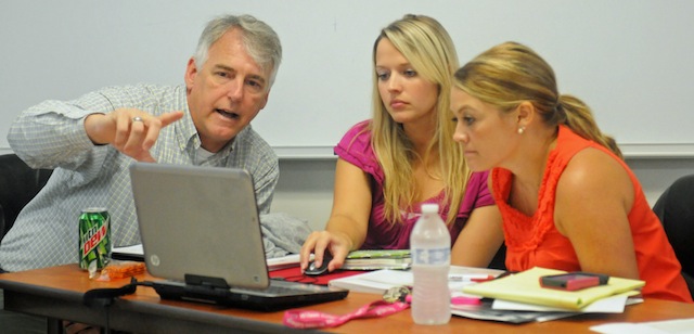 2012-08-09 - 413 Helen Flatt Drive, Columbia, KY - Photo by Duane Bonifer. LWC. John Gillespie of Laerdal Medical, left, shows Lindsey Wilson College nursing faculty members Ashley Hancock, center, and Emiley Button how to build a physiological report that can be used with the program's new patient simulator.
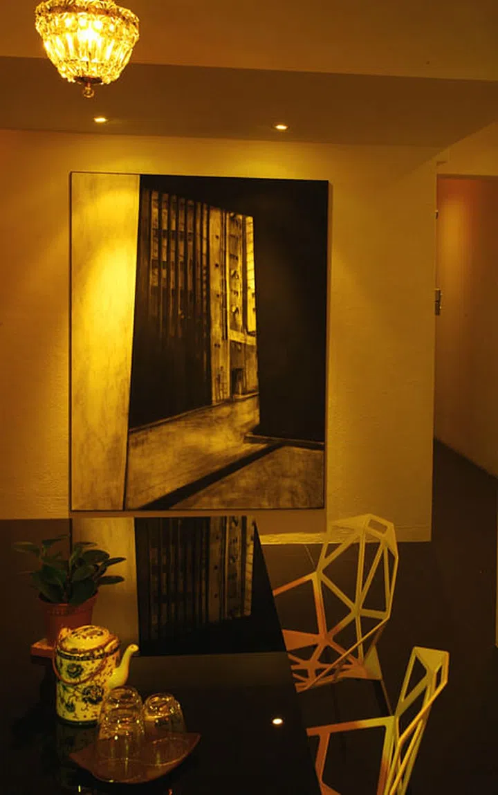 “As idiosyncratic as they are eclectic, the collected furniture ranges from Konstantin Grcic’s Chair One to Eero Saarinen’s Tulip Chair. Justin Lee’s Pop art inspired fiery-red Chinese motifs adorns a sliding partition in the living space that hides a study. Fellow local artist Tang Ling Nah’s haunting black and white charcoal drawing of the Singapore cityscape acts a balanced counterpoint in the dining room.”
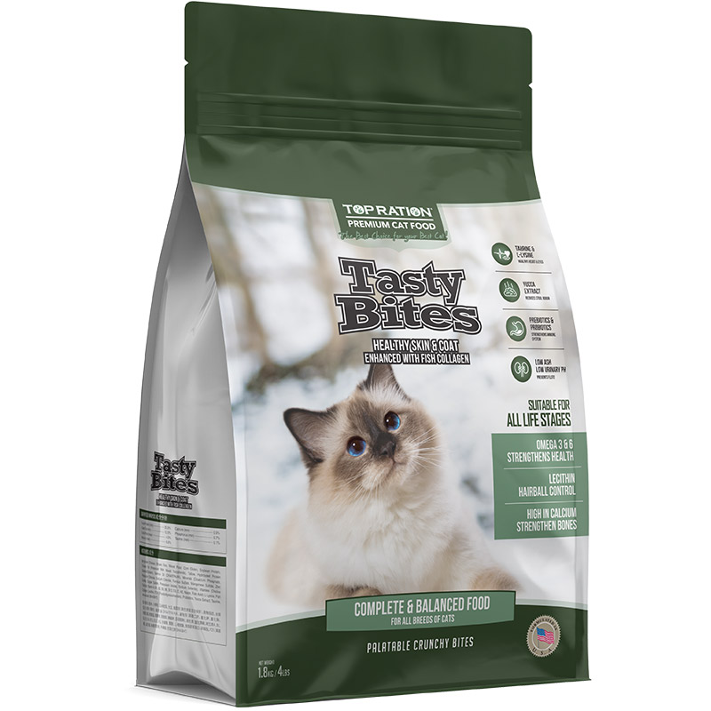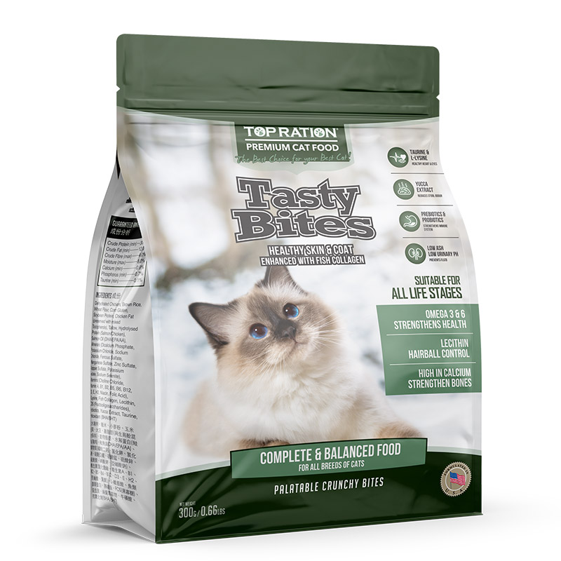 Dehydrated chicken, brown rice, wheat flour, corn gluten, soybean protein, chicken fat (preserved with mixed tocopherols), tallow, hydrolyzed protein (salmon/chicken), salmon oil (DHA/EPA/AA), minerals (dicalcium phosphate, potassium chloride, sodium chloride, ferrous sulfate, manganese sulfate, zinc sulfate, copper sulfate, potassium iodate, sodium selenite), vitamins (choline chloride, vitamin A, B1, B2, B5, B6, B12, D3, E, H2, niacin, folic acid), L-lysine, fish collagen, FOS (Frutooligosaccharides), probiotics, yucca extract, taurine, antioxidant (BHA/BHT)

#### What you need to do:
The answer must be the lines above from the line that contains "idiosyncratic as they" to the final line of the data, word for word, with no pictures.

#### Final answer:
 “As idiosyncratic as they are eclectic, the collected furniture ranges from Konstantin Grcic’s Chair One to Eero Saarinen’s Tulip Chair. Justin Lee’s Pop art inspired fiery-red Chinese motifs adorns a sliding partition in the living space that hides a study. Fellow local artist Tang Ling Nah’s haunting black and white charcoal drawing of the Singapore cityscape acts a balanced counterpoint in the dining room.”
 Dehydrated chicken, brown rice, wheat flour, corn gluten, soybean protein, chicken fat (preserved with mixed tocopherols), tallow, hydrolyzed protein (salmon/chicken), salmon oil (DHA/EPA/AA), minerals (dicalcium phosphate, potassium chloride, sodium chloride, ferrous sulfate, manganese sulfate, zinc sulfate, copper sulfate, potassium iodate, sodium selenite), vitamins (choline chloride, vitamin A, B1, B2, B5, B6, B12, D3, E, H2, niacin, folic acid), L-lysine, fish collagen, FOS (Frutooligosaccharides), probiotics, yucca extract, taurine, antioxidant (BHA/BHT)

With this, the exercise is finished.